● **PROBLEM DETAILS**
Copy out exactly, from the entries that follow, the line holding "Человек получает наши", the line holding "Jedinečný interaktivní pes", and all lines between them, but no pictures.

BEGIN

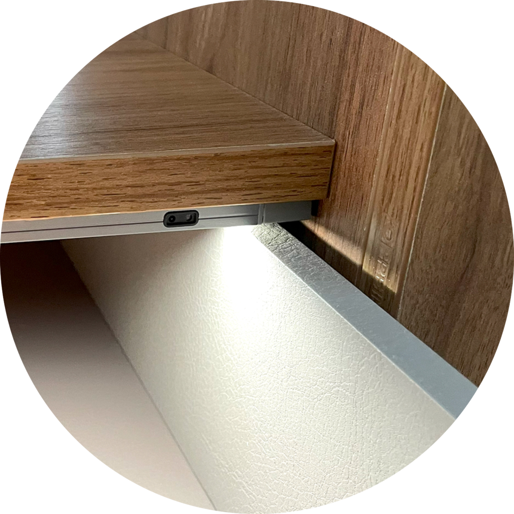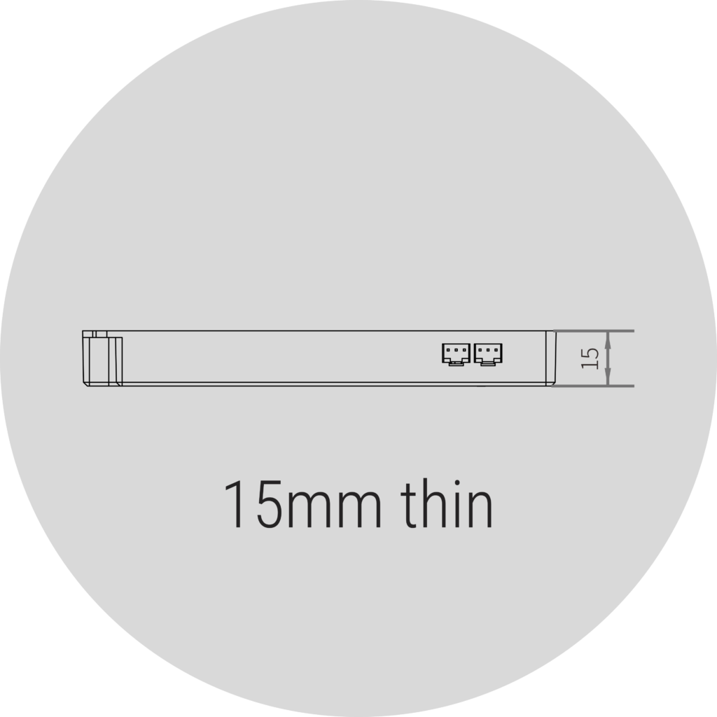 “King” features a slim 15mm thickness, and palm-size, making it perfect for recessed installation or discreetly hiding behind the back or top panels of cabinets. With standard wood panels typically measuring 18mm thick, this compact design ensures a seamless fit, allowing you to maintain a clean and unobtrusive aesthetic in your furniture. This thoughtful design not only enhances the visual appeal of your space but also maximizes functionality by keeping the lighting system concealed yet accessible.
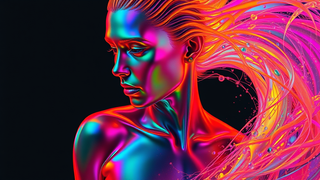 A lone figure emerges, a psychedelic symphony of bioluminescent hues dominated by vibrant orange, pink, green, and blue, embodying a multicolored rainbow essence. The portrait, inspired by the surreal visions of Moebius and Beksinski, reveals iridescent skin with an enchanting oil-on-water effect. The form hints at a rainbow-drenched liquid silver surfer, morphing in fantastic detail, capturing the intricate anatomy and symmetry of a sculpted masterpiece. The surrealistic aesthetic marries influences of Beksinski and Carl Spitzweg, interwoven with Caravaggio's dramatic chiaroscuro, manifested in an oil painting on canvas. The artwork, of award-winning quality, trends on ArtStation, offering an 8K UHD HDR view against a profound black background, inviting the viewer to a realm where art and fantasy converge.
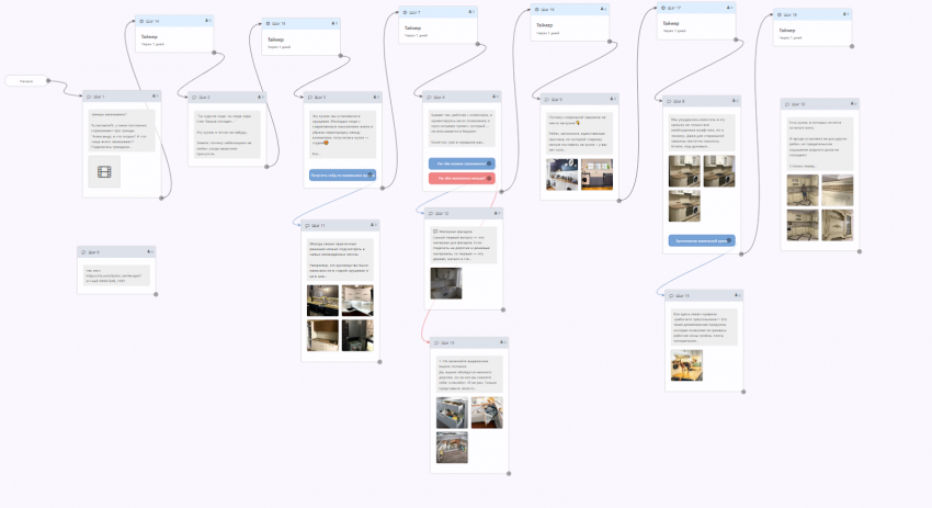 Человек получает наши сообщения 10 дней подряд. Обычно этого времени хватает, чтобы определиться, где заказать кухню. После последнего письма мы спрашиваем пользователя, купил он кухню или еще думает? Если купил — прощаемся с ним, если еще думает — приглашаем в другую воронку, в которой даем рекомендации по выбору и обустройству кухни. Например, рассказываем, как правильно расположить технику на маленькой рабочей поверхности с примерами наших кухонь, как выбрать цвет кухни тоже с нашими примерами и прочее.
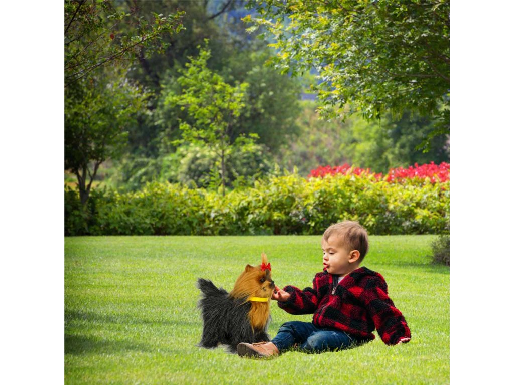 Jedinečný interaktivní pes je kamarádem každého batolete Tento rozkošný pes má výjimečně přátelský vzhled, měkká srst příjemná na dotek a pečlivě propracované detaily, které napodobují skutečného psa plemene York. Od prvního okamžiku přitahuje pozornost dětí. Roztomilá červená mašle a obojek dodávají hračce ještě větší realističnost a kouzlo. Její interaktivní prvky podporuje rozvoj vnímání a emočních vazeb. Interaktivní pes umožňuje dětem převzít roli pečovatele, čímž se u nich buduje pocit odpovědnosti a empatie. Je to skvělá příležitost, aby se dítě učilo hrou, bez obrazovek a nadměrného množství digitálních podnětů.
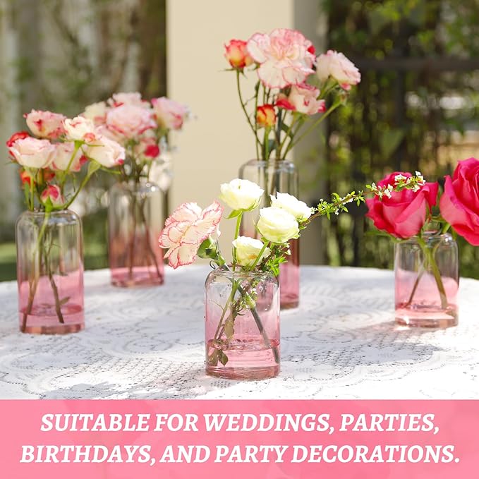 12pcs Pink Bud Vase, Glass Flower Vase for Centerpieces, Small Vases for Flowers, Decor Centerpiece for Bathroom, Decorative Vases for House Warming
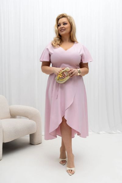 Asymetryczna sukienka Aleta z paskiem w talii w kolorze pudrowego różu PLUS SIZE XXL OVERSIZE WIOSNA
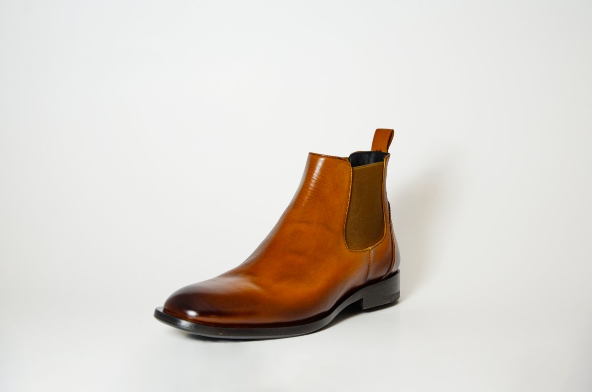 Handcrafted calf leather ankle boot with a vintage-effect finish, featuring side elastics for a practical and comfortable fit.
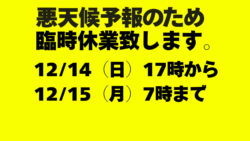 今晩もひどい天候なので、本日17時~明日の朝、12/15日(月)朝7時まで一時休店します。
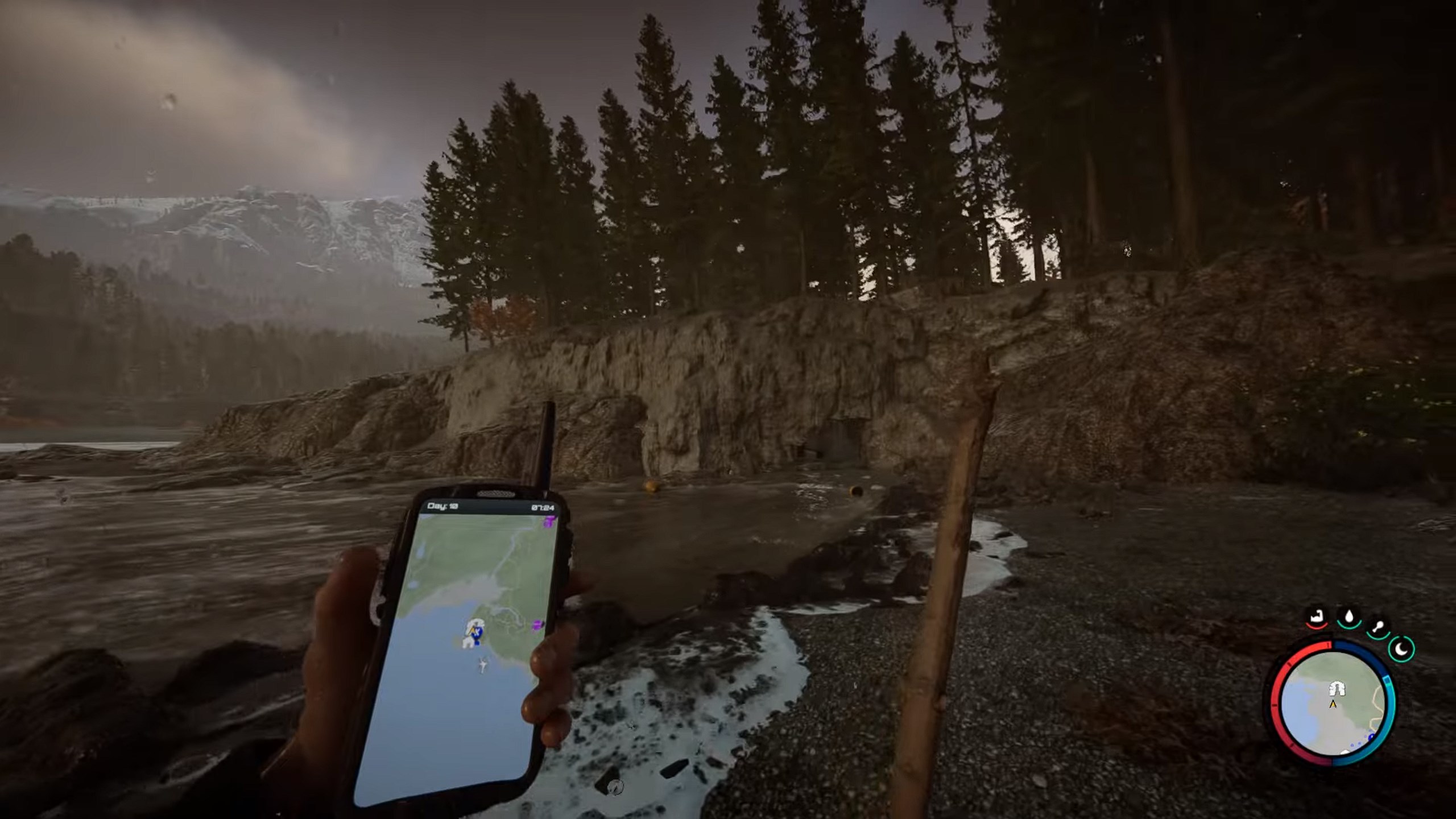 Allez à l’emplacement de la flèche jaune visible sur ce téléphone pour trouver la grotte contenant le masque de plongée dans Sons of the Forest – source :

END

● **ANSWER BELOW**
 Человек получает наши сообщения 10 дней подряд. Обычно этого времени хватает, чтобы определиться, где заказать кухню. После последнего письма мы спрашиваем пользователя, купил он кухню или еще думает? Если купил — прощаемся с ним, если еще думает — приглашаем в другую воронку, в которой даем рекомендации по выбору и обустройству кухни. Например, рассказываем, как правильно расположить технику на маленькой рабочей поверхности с примерами наших кухонь, как выбрать цвет кухни тоже с нашими примерами и прочее.
 Jedinečný interaktivní pes je kamarádem každého batolete Tento rozkošný pes má výjimečně přátelský vzhled, měkká srst příjemná na dotek a pečlivě propracované detaily, které napodobují skutečného psa plemene York. Od prvního okamžiku přitahuje pozornost dětí. Roztomilá červená mašle a obojek dodávají hračce ještě větší realističnost a kouzlo. Její interaktivní prvky podporuje rozvoj vnímání a emočních vazeb. Interaktivní pes umožňuje dětem převzít roli pečovatele, čímž se u nich buduje pocit odpovědnosti a empatie. Je to skvělá příležitost, aby se dítě učilo hrou, bez obrazovek a nadměrného množství digitálních podnětů.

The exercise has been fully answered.